What this task involves: All entries must be repeated exactly; do not include the pictures.

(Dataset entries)
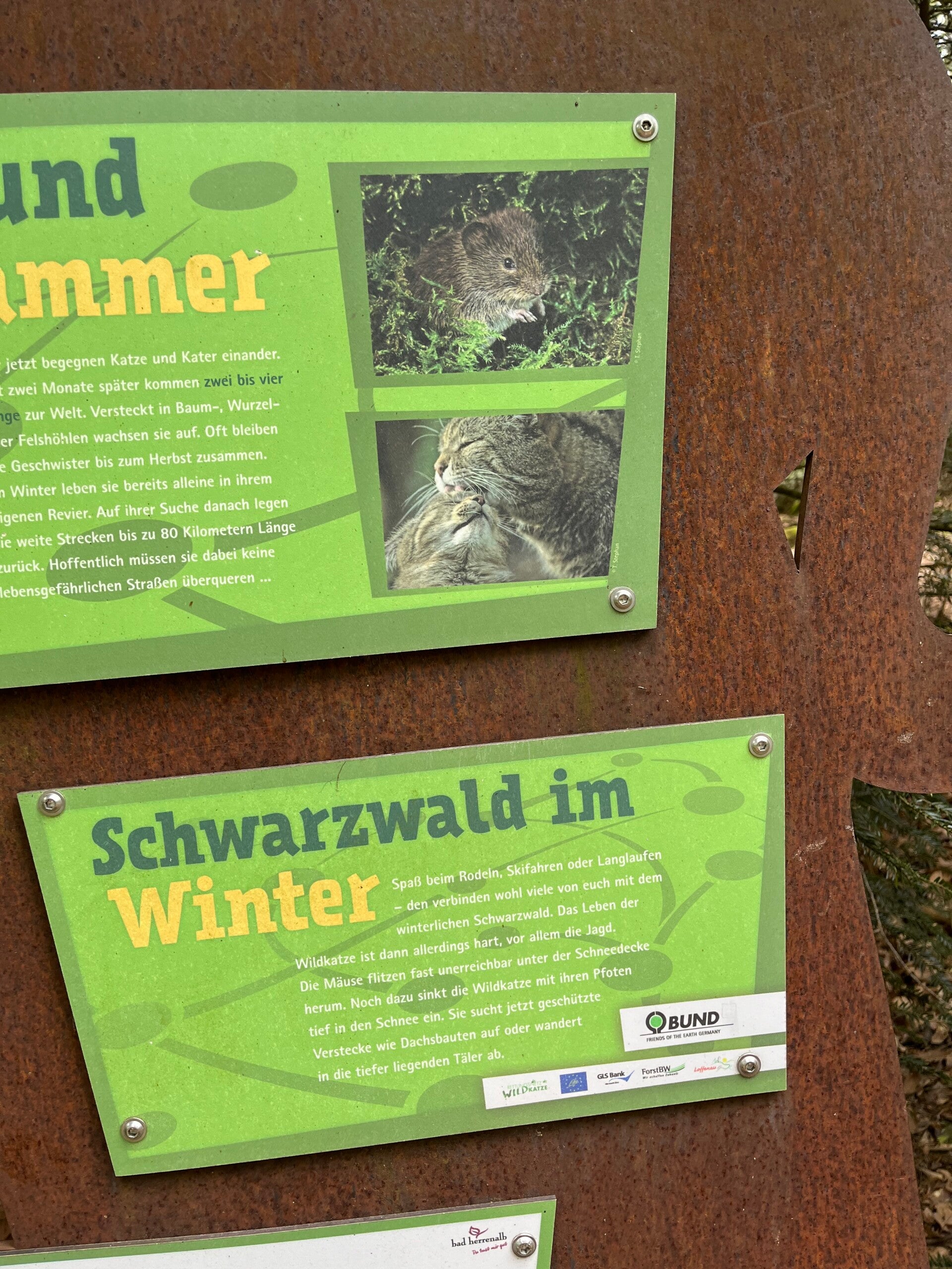 As we live close to the Black Forest, we visit this place very often, and there is planty to discover and experience on the Wildcat Trail (Der Wildkatzen-Walderlebnispfad) in Bad Herrenalb. The 6 km themed circular trail is full of
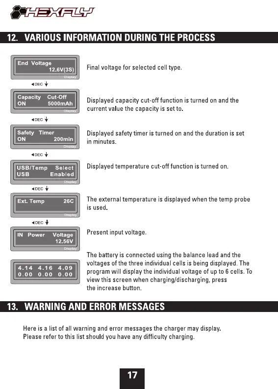 HEXFLY PRO-X2 - Information During Operation; Displaying Key Process Information; Warning and Error Messages; Interpreting Error Codes
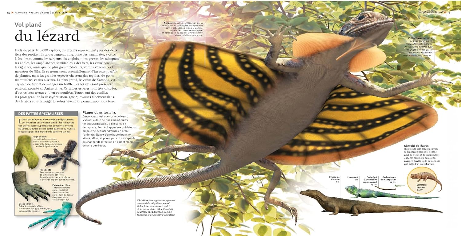 La première moitié de l’ouvrage offre un grand panorama de présentation des reptiles : qu’est-ce qu’un reptile ? Quelles sont les caractéristiques communes aux reptiles ? etc.
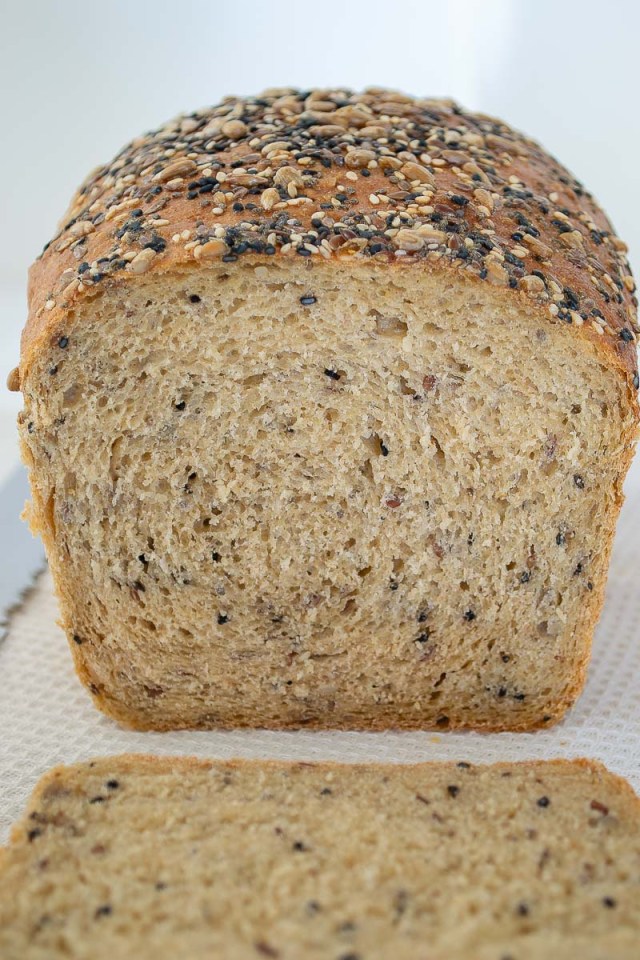 Para que no se hagan problemas con las semillas, pueden usar las que ustedes quieran. En mi caso he usado cinco: chía, linaza, ajonjolí (sésamo), ajonjolí negro y semillas de girasol y las he puesto tanto dentro de la masa como sobre ella. Si gustan, pueden ponerle solo un tipo de semilla, o pueden ponerle otras.
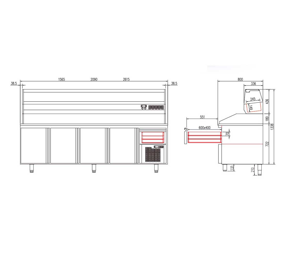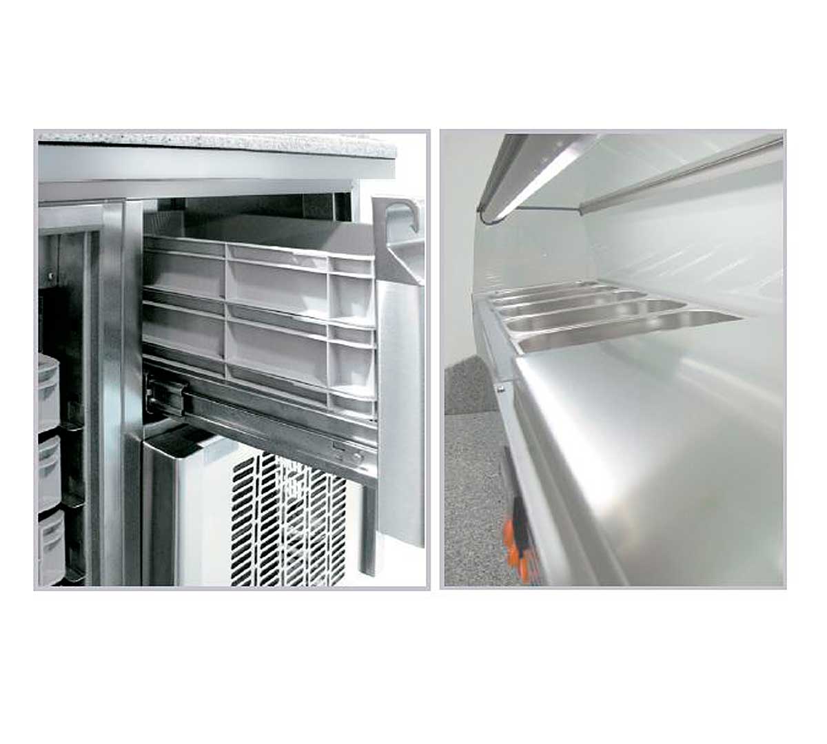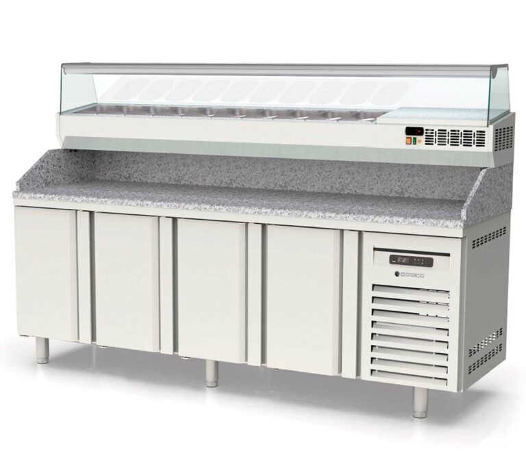 La Mesa Refrigerada Pizza Cajón Neutro de Coreco es de uso profesional con cajón neutro de 3 contenedores, recomendada para la preparación de pizzas.
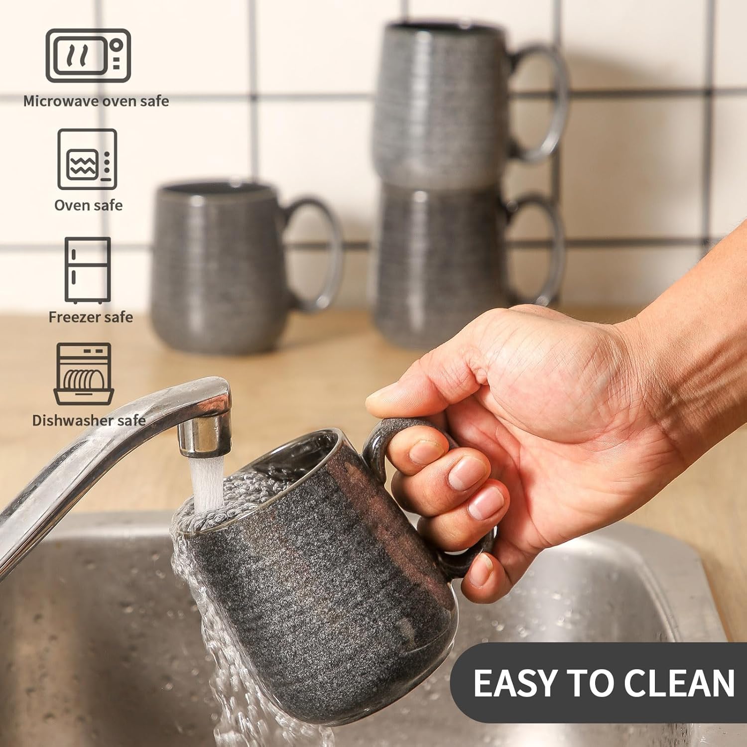 Hasense Ceramic Coffee Mugs - 15 OZ Large Coffee Cups Set of 4 with Handle for Hot Beverage, Porcelain Latte Mugs for Tea, Milk, Cocoa, Cappuccino and Mocha, Microwave and Dishwasher Safe, Grey
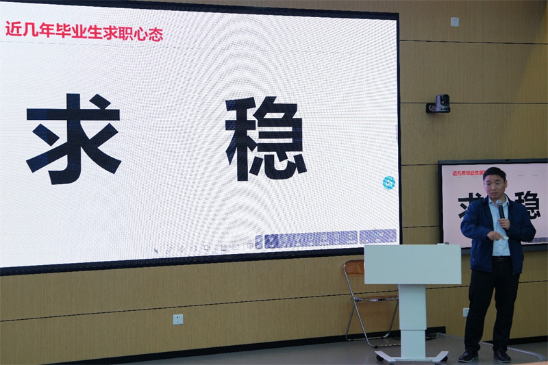 在讲座的第一部分,张老师指出,了解就业形势对于同学们制定个人职业规划至关重要。他提到,当前就业市场竞争日益激烈,同学们需要提前做好准备,以应对未来的挑战。

Exercise response:
 As we live close to the Black Forest, we visit this place very often, and there is planty to discover and experience on the Wildcat Trail (Der Wildkatzen-Walderlebnispfad) in Bad Herrenalb. The 6 km themed circular trail is full of
 HEXFLY PRO-X2 - Information During Operation; Displaying Key Process Information; Warning and Error Messages; Interpreting Error Codes
 La première moitié de l’ouvrage offre un grand panorama de présentation des reptiles : qu’est-ce qu’un reptile ? Quelles sont les caractéristiques communes aux reptiles ? etc.
 Para que no se hagan problemas con las semillas, pueden usar las que ustedes quieran. En mi caso he usado cinco: chía, linaza, ajonjolí (sésamo), ajonjolí negro y semillas de girasol y las he puesto tanto dentro de la masa como sobre ella. Si gustan, pueden ponerle solo un tipo de semilla, o pueden ponerle otras.
 La Mesa Refrigerada Pizza Cajón Neutro de Coreco es de uso profesional con cajón neutro de 3 contenedores, recomendada para la preparación de pizzas.
 Hasense Ceramic Coffee Mugs - 15 OZ Large Coffee Cups Set of 4 with Handle for Hot Beverage, Porcelain Latte Mugs for Tea, Milk, Cocoa, Cappuccino and Mocha, Microwave and Dishwasher Safe, Grey
 在讲座的第一部分,张老师指出,了解就业形势对于同学们制定个人职业规划至关重要。他提到,当前就业市场竞争日益激烈,同学们需要提前做好准备,以应对未来的挑战。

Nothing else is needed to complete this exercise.